**EXERCISE BRIEF**
Write out the entire listing below exactly as it appears, minus any pictures.

::: TASK INPUT :::

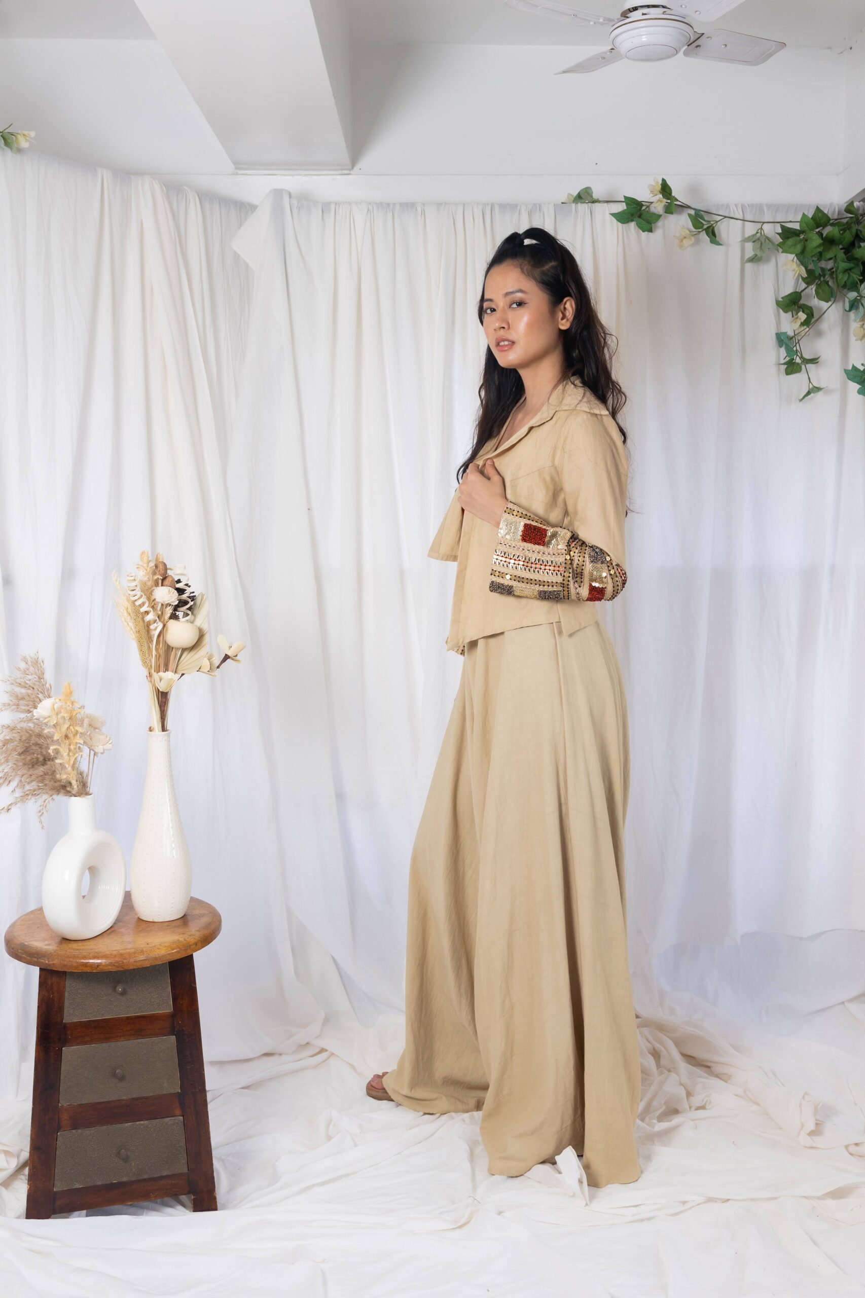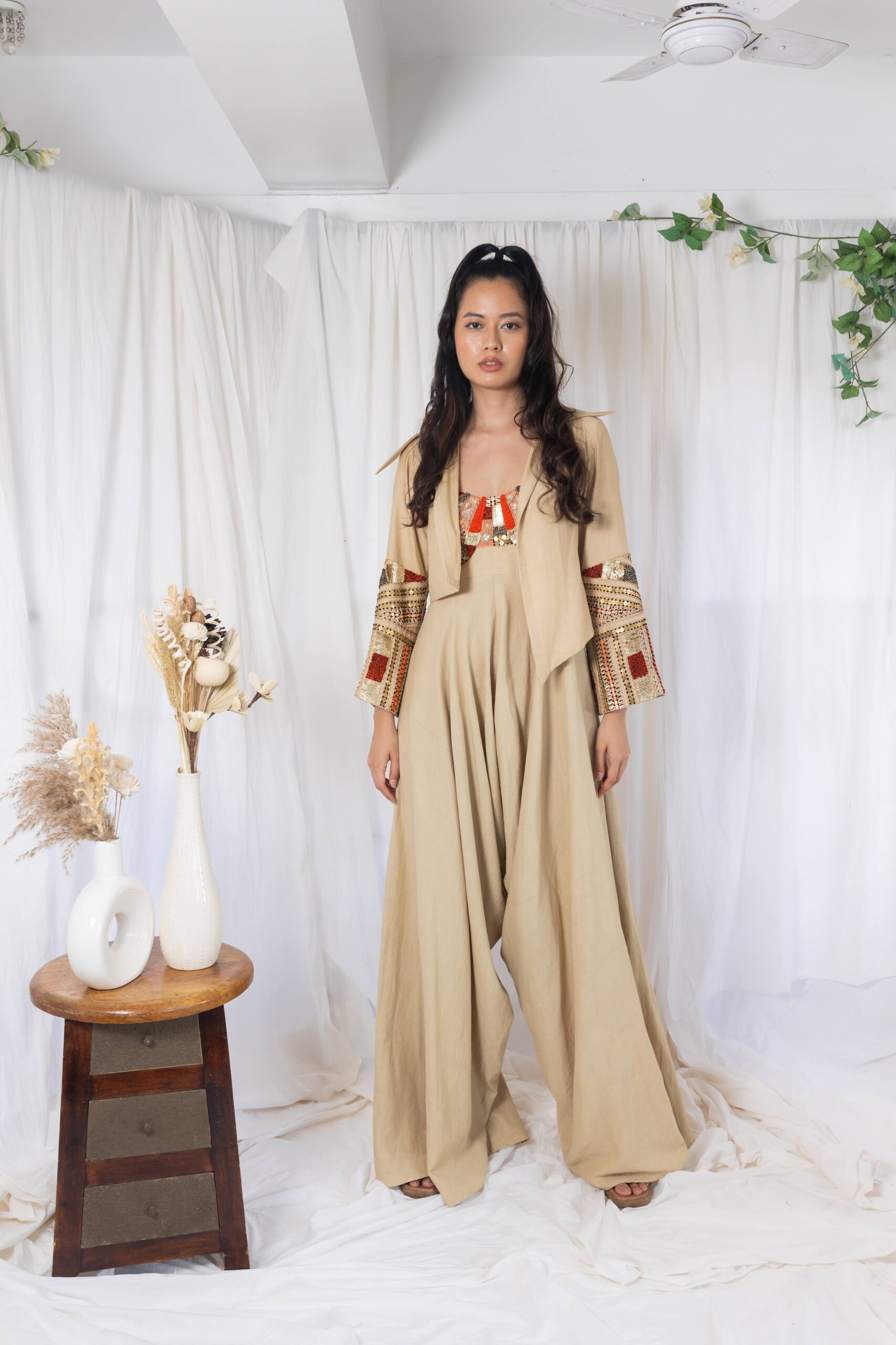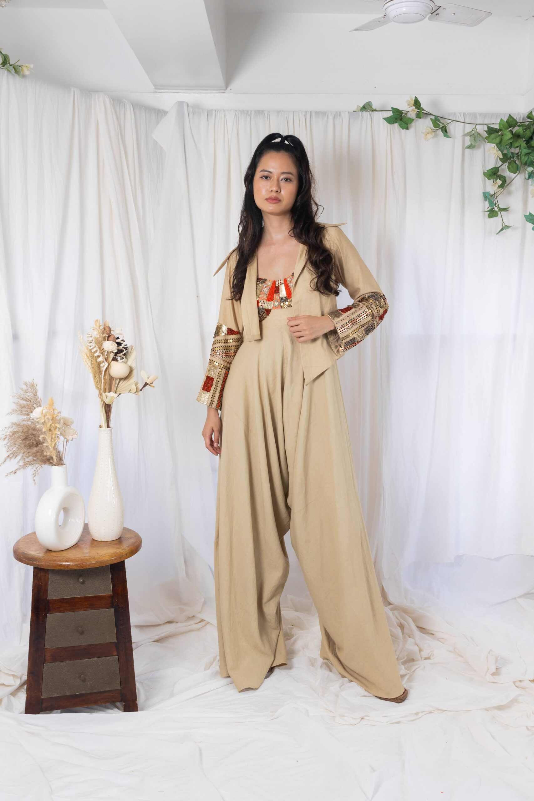 Beige jumpsuit with jacket
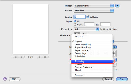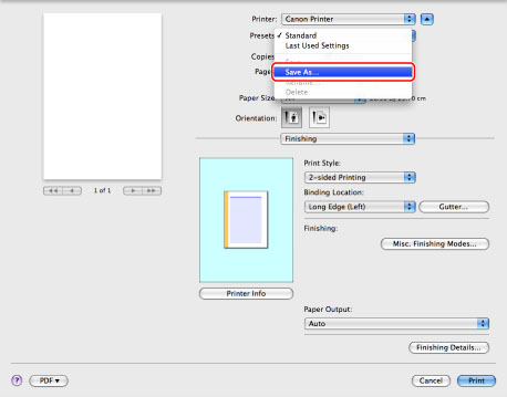 You can store the settings specified in each panel of the [Print] dialog box on your Mac as presets. A preset is a combination of frequently used print functions saved as a single setting. You can print with ease by simply selecting a registered preset according to your needs.
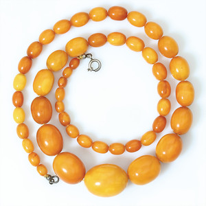 Bernsteinkette "BUTTERSCOTCH", Schließe Metall, Naturbernstein, Oliven D = 5,3 - 18 mm, L = 56 cm, total 31,7 g
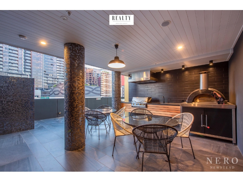Newstead – the embodiment of the old meeting the new. Ranked by Lonely Planet as one of Australia’s coolest residential suburbs, Newstead is fast becoming one of Brisbane’s most liveable areas. Brimming with historical charm and bustling with fresh, upmarket design appeal, the area hosts a rich array of lifestyle attractions. Situated on Doggett Street, Nero is just a stone’s throw from Gasworks Plaza, James Street shops, transport links and all the local amenities. • Newstead Brewing Co – 1 minute walk • Gasworks Precinct – 1 minute walk • The Triffid (live music venue) – 4 minute walk • Green Beacon Brewing Co – 4 minute walk • Emporium (retail precinct) – 6 minute walk • James Street Initiative (retail) – 3 minute walk • Waterfront Park – 4 minute walk • Teneriffe Ferry Terminal – 6 minute walk Some of the apartment features include: • Two bedrooms with high end built in robes • 2 bathrooms with one ensuite • One secure car parking space • Ducted air-conditioning throughout • ILVE European appliances and gas stove • Beautiful tiled flooring • Ceiling fans • Luxury fixtures and fittings • A lovely balcony The building features include: • Cantilevered lap pool • Sauna and steam rooms • Sundeck with outlook • Fully equipped gym • Dining areas • Teppanyaki bar & kitchenette facilities • Barbecue & pizza oven • Residents’ lounge with fireplace • Residents’ bar • Onsite management
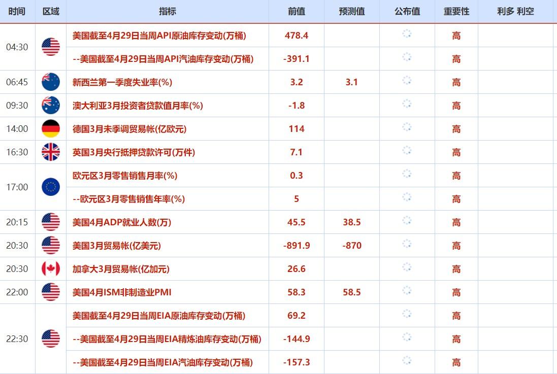 周三(5月4日)关键词:美国截至4月29日当周API和EIA原油库存变动,美国4月ADP就业人数,新西兰联储公布金融稳定报告
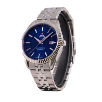 Корпус: Корпус выполнен из нержавеющей стали. Синий циферблат. Стрелки и часовые индексы из полированного металла. Минеральное стекло с сапфировым покрытием. Водонепроницаемость 50 метров. Диаметр 40 мм.
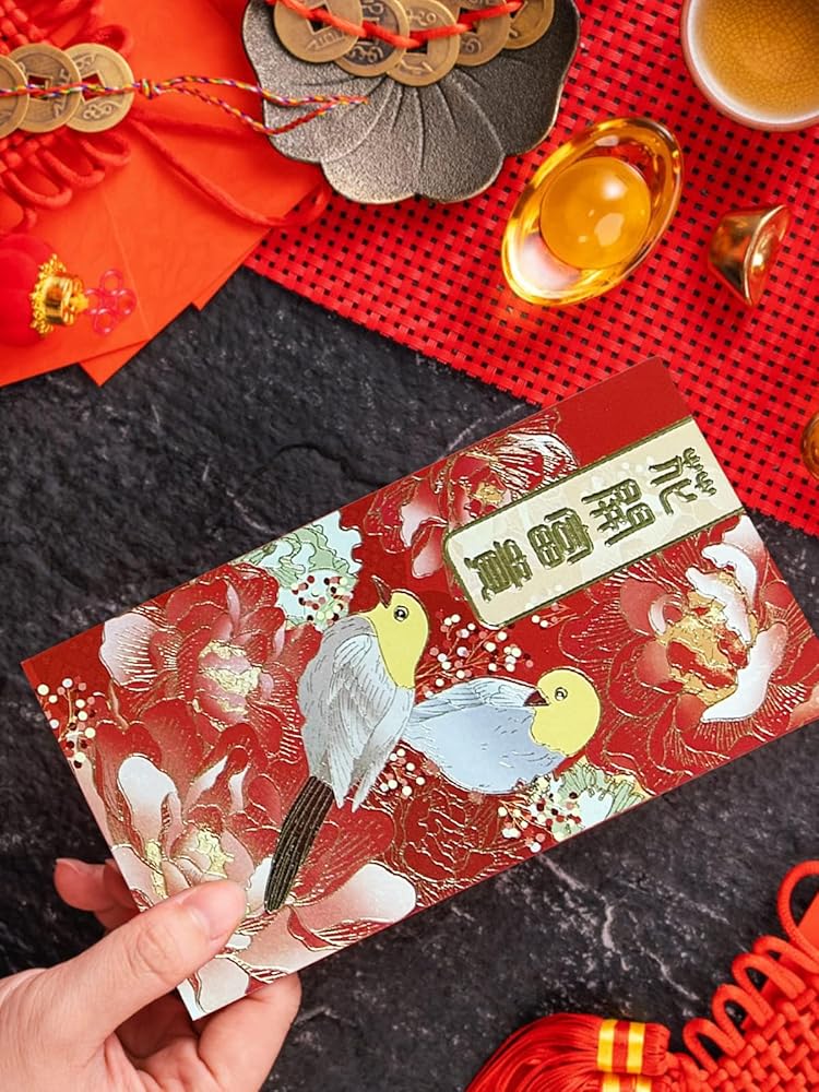 New Year Red Envelope: 12 Chinese style pearl gilt lucky money envelopes with different exquisite patterns, including bird, Chinese lion, phoenix, goldfish, etc, contains strong traditional Chinese culture
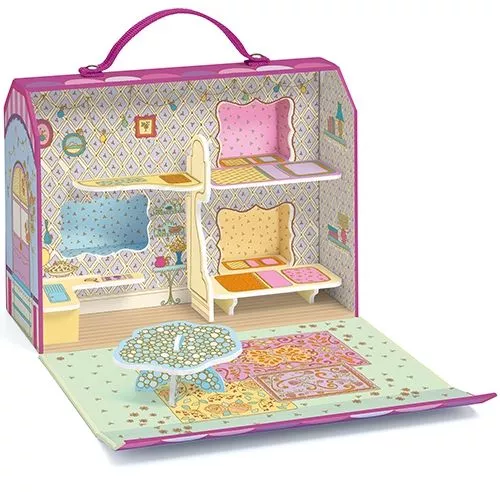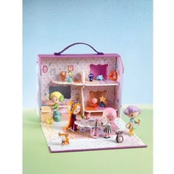 Een draagbaar poppenhuis ‘Bluchka & Indie House’ voor de speelgoedfiguurtjes uit de Tinyly serie van het Franse merk Djeco. Met vier kamers en een uitklapbare woonkamer hebben bewoners Bluchka en Indie genoeg ruimte om bezoek van andere Tinyly popjes en hun dierenvriendjes te ontvangen.
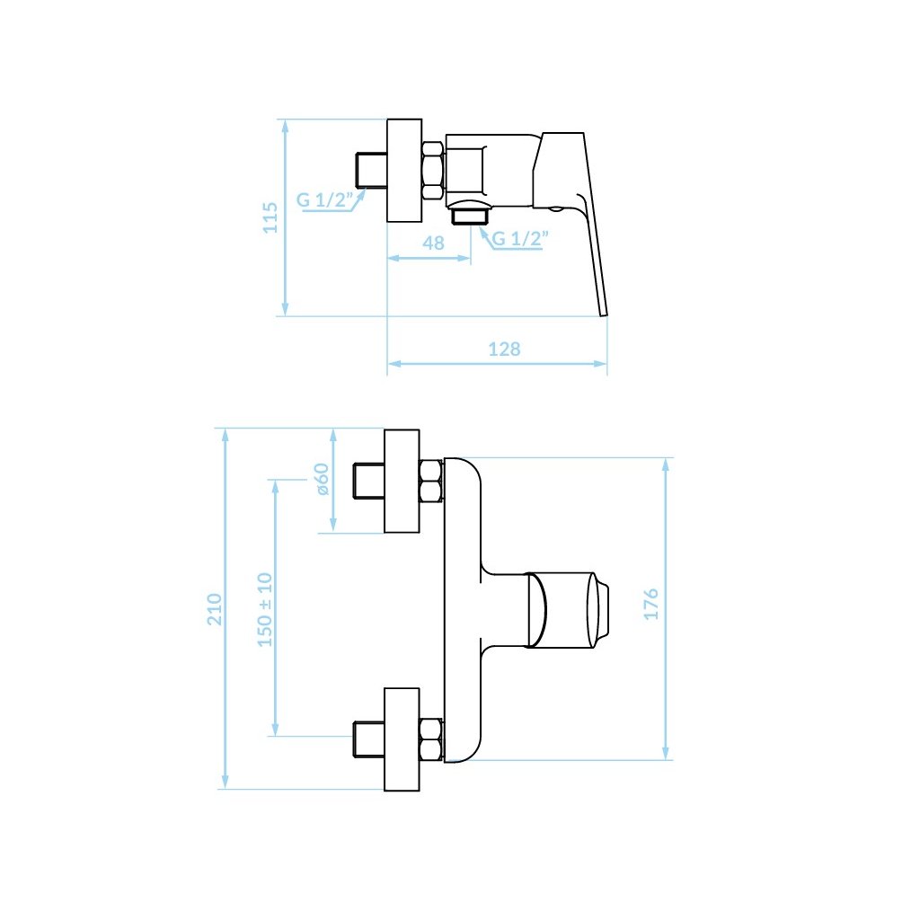 Kuchinox Borgo, nástěnná sprchová baterie 150mm, chromová, LAV-BKB_040D
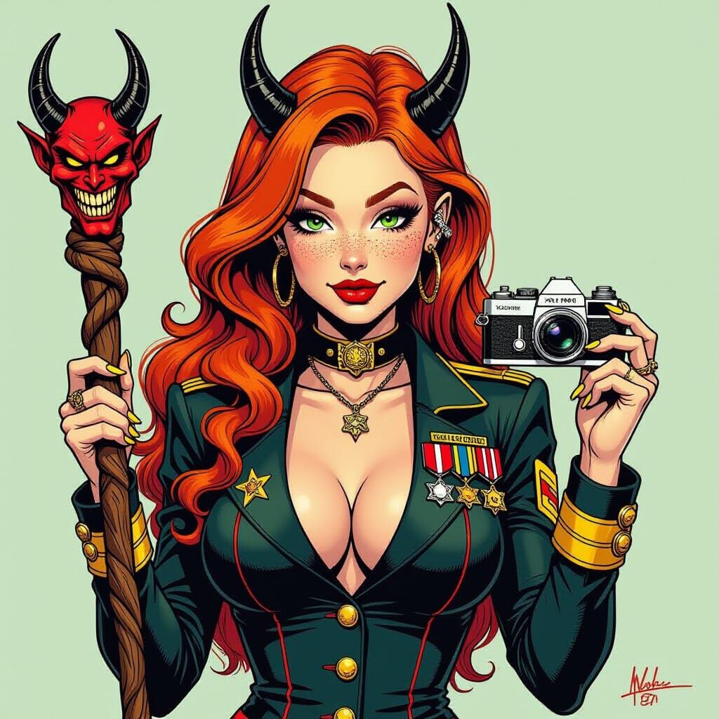 A vibrant comic art illustration of a striking young woman in a detailed uniform, holding a devil-carved walking stick and a camera. Features dramatic shadows and dynamic linework.

:::

**TASK SOLUTION**
 Beige jumpsuit with jacket
 You can store the settings specified in each panel of the [Print] dialog box on your Mac as presets. A preset is a combination of frequently used print functions saved as a single setting. You can print with ease by simply selecting a registered preset according to your needs.
 Bernsteinkette "BUTTERSCOTCH", Schließe Metall, Naturbernstein, Oliven D = 5,3 - 18 mm, L = 56 cm, total 31,7 g
Newstead – the embodiment of the old meeting the new. Ranked by Lonely Planet as one of Australia’s coolest residential suburbs, Newstead is fast becoming one of Brisbane’s most liveable areas. Brimming with historical charm and bustling with fresh, upmarket design appeal, the area hosts a rich array of lifestyle attractions. Situated on Doggett Street, Nero is just a stone’s throw from Gasworks Plaza, James Street shops, transport links and all the local amenities. • Newstead Brewing Co – 1 minute walk • Gasworks Precinct – 1 minute walk • The Triffid (live music venue) – 4 minute walk • Green Beacon Brewing Co – 4 minute walk • Emporium (retail precinct) – 6 minute walk • James Street Initiative (retail) – 3 minute walk • Waterfront Park – 4 minute walk • Teneriffe Ferry Terminal – 6 minute walk Some of the apartment features include: • Two bedrooms with high end built in robes • 2 bathrooms with one ensuite • One secure car parking space • Ducted air-conditioning throughout • ILVE European appliances and gas stove • Beautiful tiled flooring • Ceiling fans • Luxury fixtures and fittings • A lovely balcony The building features include: • Cantilevered lap pool • Sauna and steam rooms • Sundeck with outlook • Fully equipped gym • Dining areas • Teppanyaki bar & kitchenette facilities • Barbecue & pizza oven • Residents’ lounge with fireplace • Residents’ bar • Onsite management
 周三(5月4日)关键词:美国截至4月29日当周API和EIA原油库存变动,美国4月ADP就业人数,新西兰联储公布金融稳定报告
 Корпус: Корпус выполнен из нержавеющей стали. Синий циферблат. Стрелки и часовые индексы из полированного металла. Минеральное стекло с сапфировым покрытием. Водонепроницаемость 50 метров. Диаметр 40 мм.
 New Year Red Envelope: 12 Chinese style pearl gilt lucky money envelopes with different exquisite patterns, including bird, Chinese lion, phoenix, goldfish, etc, contains strong traditional Chinese culture
 Een draagbaar poppenhuis ‘Bluchka & Indie House’ voor de speelgoedfiguurtjes uit de Tinyly serie van het Franse merk Djeco. Met vier kamers en een uitklapbare woonkamer hebben bewoners Bluchka en Indie genoeg ruimte om bezoek van andere Tinyly popjes en hun dierenvriendjes te ontvangen.
 Kuchinox Borgo, nástěnná sprchová baterie 150mm, chromová, LAV-BKB_040D
 A vibrant comic art illustration of a striking young woman in a detailed uniform, holding a devil-carved walking stick and a camera. Features dramatic shadows and dynamic linework.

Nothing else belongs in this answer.